Our very own Dr. Joe Stiglitz “brought home the bacon”! This morning the Nobel prize in economics for 2001 was given to Dr. Joe Stiglitz of Columbia and FOLIOfn, Dr. George Akerlof of UC Berkeley, and Dr. Michael Spence of Stanford. This document will shed some light on why they won it. I have had the privilege of knowing two of them personally; Akerlof was my mentor at UC Berkeley and Stiglitz has worked with the research group at FOLIOfn for almost one year now.
What did these men contribute to the field of economic sciences?
All three men did work in the theory of economics associated with “asymmetric information.” What does that mean? It means that there are many situations in economic transactions where one party has different information than the other party.
For instance, Akerlof wrote a paper when he finished MIT entitled: “The Market for Lemons”. In that paper, he showed how the used car market could become very thin, just do to the fact that the used car sellers had better information about the cars than the used car buyers. This could lead to “bad cars” or “lemon cars” driving out the good cars until the entire used car market disappeared (or at least was smaller than it should be). All this occurred just because of the differing information between the buyers and the sellers.
Michael Spence was one of the economists people said would win the Nobel prize just for his graduate thesis. This thesis involved “asymmetric information” as well. It was the role of signaling as a means to reduce this differing information. In fact, my “extreme” view of his work could be described as follows. Higher education doesn’t improve one’s skills at all in the market. Take my assumption as given.

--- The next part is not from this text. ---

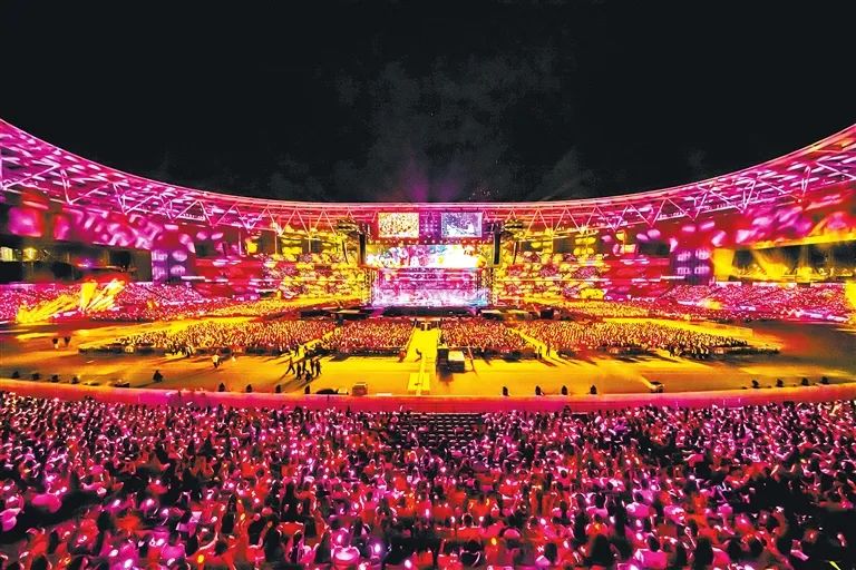 郑州奥林匹克中心内,万千乐迷现场观看演唱会。

If that’s true, why do people go to college/grad school? Spence would call it a signal. You want to say, “Hey, I made it through Harvard’s math program, even though it doesn’t help me manage Microsoft. By going through the program, though, I have signaled to you that I’m smart, not dumb. So don’t worry that I have more information about my ability than you. I’ve just shown you that I’m smart.” So his work revolved around “signaling as a means to resolve the asymmetry that hampered markets.
Note: I didn’t put Spence in my prediction because he really hasn’t done any new work since his thesis. But I’m glad, because it shows that even one piece of good work is well rewarded.
Joe Stiglitz took the other route. He showed how people with “less information” could extract that information by using clever contracts. For instance, in the insurance industry, they offer different deductibles to get around this “asymmetric information problem.” Joe also wrote a paper with Shapiro on shirking workers. How employee effort, being better known by the employee than the employer can lead to specific outcomes, such as higher than average unemployment as an equilibrium.
October 12, 2001
Note to Readers: After the announcement, Joe Stiglitz came to our offices and gave a Q&A for all the employees. It was really cool. The funniest story was about the World Bank being a “matrix” system.